A vehicle control method comprising controlling the engine and the transmission so as to achieve the target EGR rate. 6. The vehicle control method according to claim 1, wherein the predetermined condition is a range where an air-fuel ratio can be taken, a range where a gear ratio can be taken, or a range where an EGR rate can be taken. A vehicle control method, characterized in that: 7. A vehicle control method for controlling an engine and an automatic transmission of a vehicle, wherein the operation of the engine and the transmission is realized under predetermined conditions while satisfying a target driving torque with respect to a current vehicle speed.

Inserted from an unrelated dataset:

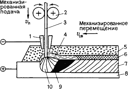 Подача и перемещение электродной проволоки механизированы. Автоматизированы процессы зажигания дуги и заварки кратера в конце шва. Дуга 10 горит между проволокой 3 и основным металлом 8. Столб дуги и металлическая ванна жидкого металла 9 со всех сторон плотно закрыты слоем флюса 5 толщиной 30…50 мм. Часть флюса плавится и образуется жидкий шлак 4, защищающий жидкий металл от воздуха. Качество защиты лучше, чем при ручной дуговой сварке. По мере поступательного движения электрода металлическая и шлаковая ванны затвердевают с образованием сварного шва 7, покрытого твердой шлаковой коркой 6. Проволоку подают в дугу с помощью механизма подачи 2. Ток к электроду подводят через токопровод 1.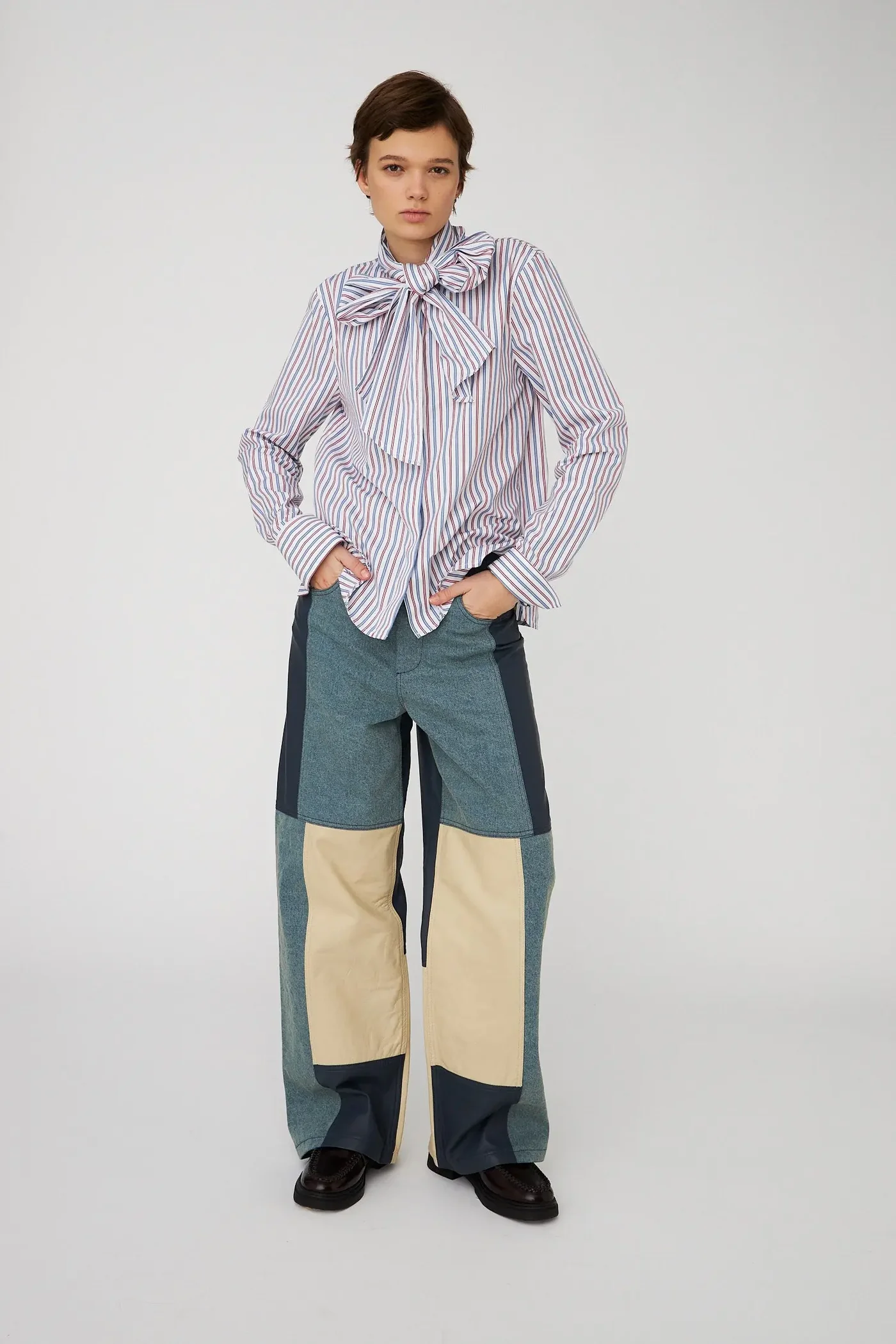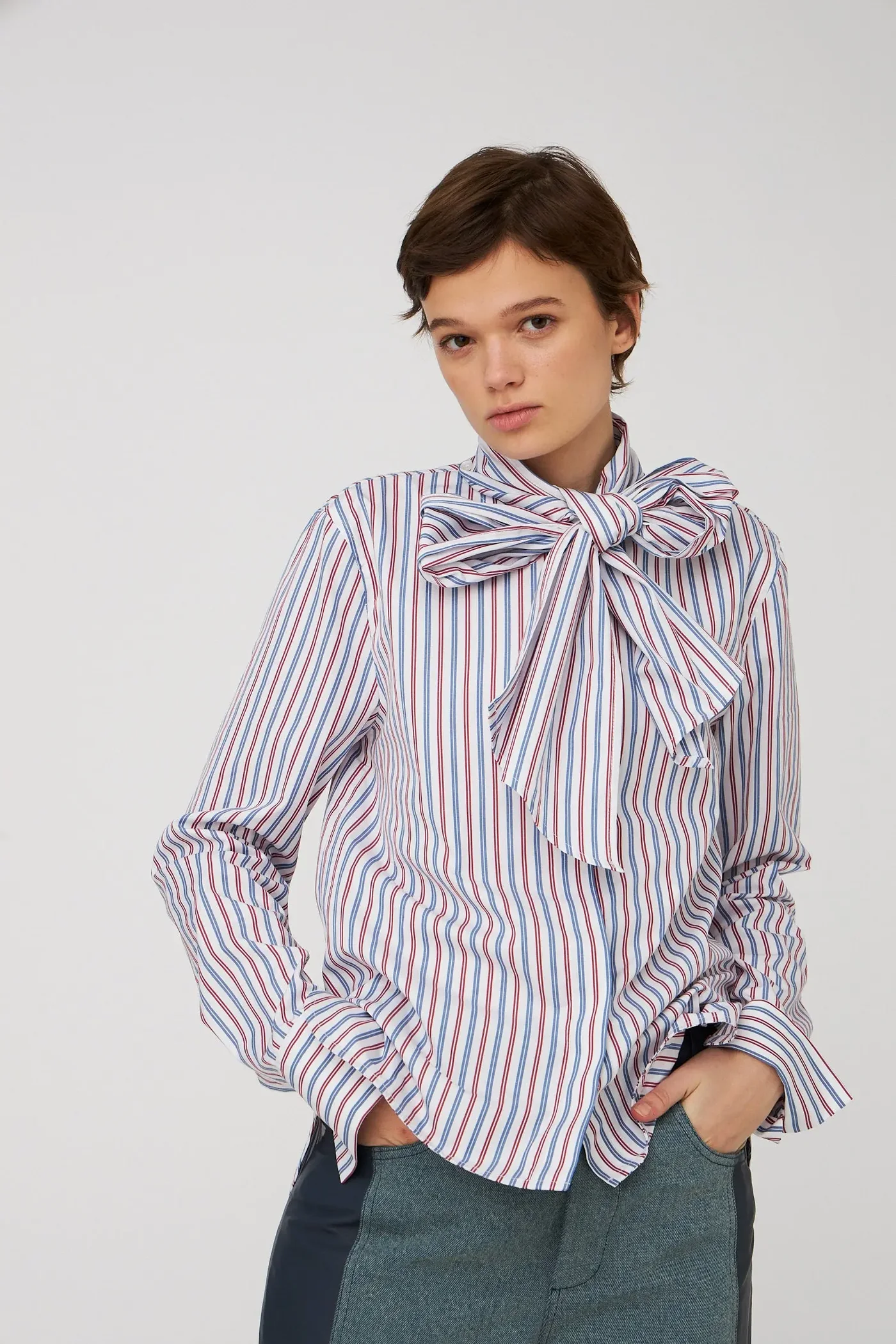 Light cotton shirt with a neck tie bow. The shirt features buttons down centerfront and has long sleeves and cuffs with buttons.

Calculating a target air-fuel ratio and a target gear ratio so as to minimize a fuel consumption rate, and controlling the engine and the transmission so as to realize the target air-fuel ratio and the target gear ratio value. Method. 8. A vehicle control system having a control unit for controlling an engine and an automatic transmission of a vehicle, wherein the control unit sets a target drive torque which is a target torque of a drive wheel from an accelerator pedal depression angle and a vehicle speed. A torque setting unit, and a fuel consumption rate under a predetermined condition such that operation of the engine and the transmission is realized while satisfying the target driving torque set by the target driving torque setting unit with respect to a current vehicle speed. A target value setting unit that sets a target air-fuel ratio and a target gear ratio so as to minimize the engine speed and the engine and the transmission so as to realize the target air-fuel ratio and the target gear ratio value. Vehicle control system.